There were two private hospitals that Black doctors could put patients in St. Louis, Peoples Hospital and St. Mary’s Infirmary.
St. Mary’s was the one that our staff rotated us through so they would have 24/7 coverage, since private patients could not be admitted to the “G’s”.
The best thing about going to St. Mary’s was it wasn’t that busy and they had great food plus the attending let you do a lot of surgery on their patients. Some were not up on the latest techniques and allowed the resident to sort of teach them!
Many a situation occurred at this hospital, especially since Nuns were in charge, and were scrutinizing everything.
One time a physician admitted a patient for a D&C with the diagnosis of incomplete abortion, the truth being she was really still pregnant and the nurse was looking over his shoulder when he aborted the fetus. She shouted “ what have you done? “ and he bolted out of the OR with the fetus wrapped in a towel and flushed it down the toilet. The nurse ran to get the nun who called up the plumber to check the toilet and drains so she could have a priest baptize the fetus. By the time he got the toilet removed the fetus was probably on it’s way to the Mississippi river.
Another time I was operating with a well respected old surgeon who never ever did total hysterectomies. He was fast because it was his technique to do partial hysterectomies. Since it was the current standard of care to do the longer more complex operation I asked him why he didn’t do it. He said, “ My operation takes less than an hour, but I’ll give you another hour to do your operation. If you can’t get it done in that time, no more suggestions from you!

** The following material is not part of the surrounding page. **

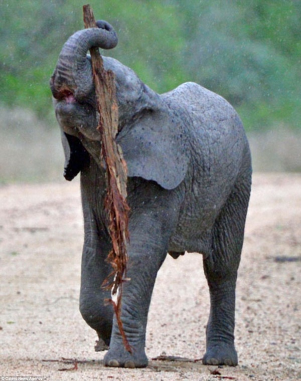 Nhiếp ảnh gia Nam Phi, Sean Parker, 40 tuổi, người chụp lại bộ ảnh này, nói: “Nhìn chú voi con với vỏ cây thật thú vị. Lúc đó, voi mẹ đang dẫn hai voi con qua đường, trời có chút mưa nhẹ. Chú voi con có vẻ bị ngứa, nó tìm thấy miếng vỏ cây bên đường để “gãi”. Phải mất nửa giờ, con voi con mới thấy thỏa mãn và tiếp tục bước đi.”

Dr Smiley would have been proud of me because I was just a 2nd year resident and I whipped the rest of that uterus out in under the hour. After that he let me do all his hysterectomies while I was on that 3 month rotation.
Another perk was that most of the attending had offices in East St. Louis which was right across the river from the hospital, but few made it to their deliveries because they all had huge general practices. So we residents delivered most of their patients and did the circumcisions though the patients never knew since most were put to sleep in those days. The good part for us beside the experience was there would be an envelope with some cash in your mail box the next day and we all needed that extra money.
One of the things I did that annoyed the nurses was that I wore my keys on a chain around my neck and at night I would make rounds and the keys would jingle and I sometimes caught the nurses goofing off or smoking on the unit, thinking I was a nun, because their rosaries made a similar sound. When I appeared they would say “ oh shit, Robbie, we thought you were sister”. One thing that won them over was I always came when they called me and that bond took me a long way with them. Many a complication was diagnosed or avoided by them giving me a heads up.
One time I was assigned to scrub with one of the long time revered surgeons Dr T and the next day I made post op rounds on all his patients as was my habit at 6 am. I had inspected their wounds and put on a fresh dressings. When he came in to round I proudly exclaimed to him what I had done and he looked at me with displeasure. He was a real bullshitter with patients and after telling them in detail how difficult or complex their surgery was he left them all smiles. Once out in the hall he said “ Robinson don’t you ever touch a patient of mine post op, they can’t see what I did inside them but they can see the beautiful bandage I put on them”
I learned a lesson and swore that I would never follow another fucking patient of his post op.
Maybe because of my relationship with the nurses and willingness to work hard several of the attending asked me to moonlight in their offices. These jobs were passed down to a select few since it had to be on the hush because it was forbidden by the Dr Monat.
The moonlight jobs were usually done as 3rd year and chief when we were off but occasionally we would do it on call while one of our fellow junior residents covered the service in house.
Remember this was long before pagers or cell phones and our connection to the hospital was the switchboard operators (ala Ernestine) who if they liked you could do wonders patching calls.
So I could be in an office in East St. Louis moonlighting and staff a case with Monat or other staff who thought I was at the “G’s” on the phone and if on a rare occasion I had to be there my resident could hold the fort until I got there. This protocol was tried and true and passed down year after year and had even been initiated on many occasions for personal use. ( i.e. wives and girl friends).
Another important perk at St. Mary’s Infirmary was the nuns served great food especially compared to the “G”s”.